Some people consider abortion to be murder. (I cannot refrain from mentioning here that an awful lot of those same people don't consider the death penalty to be murder. I further indulge the same urge by mentioning that I don't get that.) The only way, of course, in which abortion can be considered murder is if a fetus is considered a person. A fetus is not a viable person outside its mother's body until at least... hold on, now, what do we mean by "viable"? Do we mean "able to survive outside the mother's body without life support," "able to survive outside the mother's body but damaged to the extent that it will almost certainly not be a functional human being in the usual sense" (and what sense is that)? or perhaps does it mean "able to survive outside the mother's body as long as we keep a bunch of tubes and needles in it"? Viability has been pegged as low as 22 weeks, and that threshhold is much disputed, but as it is the minimum, let's go with that for now, since people who think I'm full of crap will want to set this age as low as possible. Let's indulge them. (Fair's fair.) But let's also indulge Planned Parenthood, whose definition of viability ("Viability is a medical, not a legal term," it notes) seems reasonable to me (this is partial; for a more involved discussion of viability, and statistics about when most abortions are performed, see http://www.ppacca.org/site/pp.asp?c=kuJYJeO4F&b=139571):
A fetus is viable when it reaches an "anatomical threshold" when critical organs, such as the lungs and kidneys, can sustain independent life. Until the air sacs are mature enough to permit gases to pass into and out of the bloodstream, which is extremely unlikely until at least 23 weeks gestation (from last menstrual period), a fetus cannot be sustained even with a respirator, which can force air into the lungs but cannot pass gas from the lungs into the bloodstream.

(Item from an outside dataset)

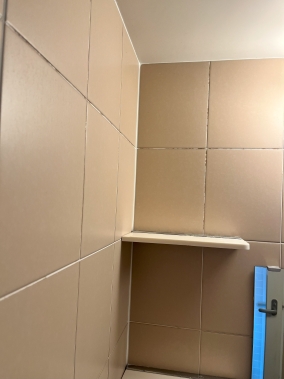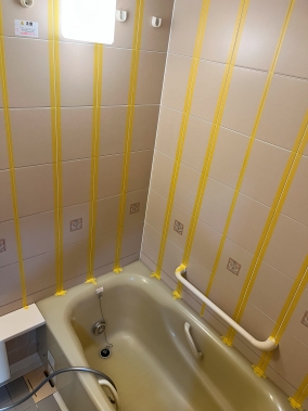 ●目地に石鹸カスやカビ等の汚れが無い状態で施工しなければならない為、事前に目地のクリーニングが必要となります。
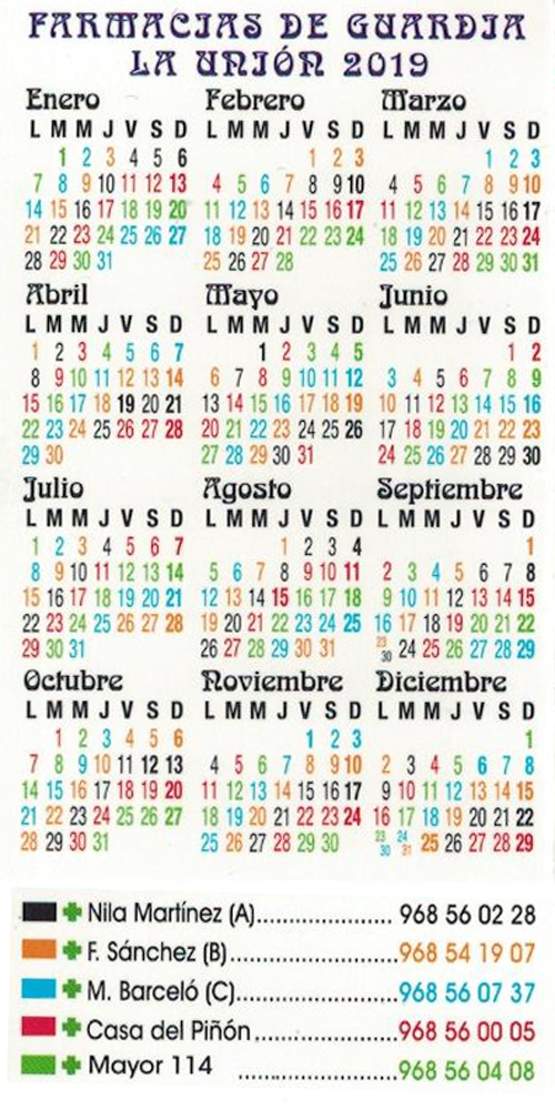 Ofrecemos actualizado el calendario de guardias de los cinco establecimientos ubicados en la ciudad de La Unión que cada año edita centro médico Herrerías.

(Planned Parenthood also points out that ROE V. WADE specifies that viability, while having guidelines, is determined case by case.)
Apart from the question of viability is the question of the ability of the fetus to perceive pain. Nerve endings appear in a fetus as early as seven weeks into gestation but they do not become meaningful in terms of pain perception until at least 12-16 weeks in, and possibly as long as 22-25 weeks. Ninety-nine percent of all abortions are performed in the first trimester, a good half quite early on in that trimester.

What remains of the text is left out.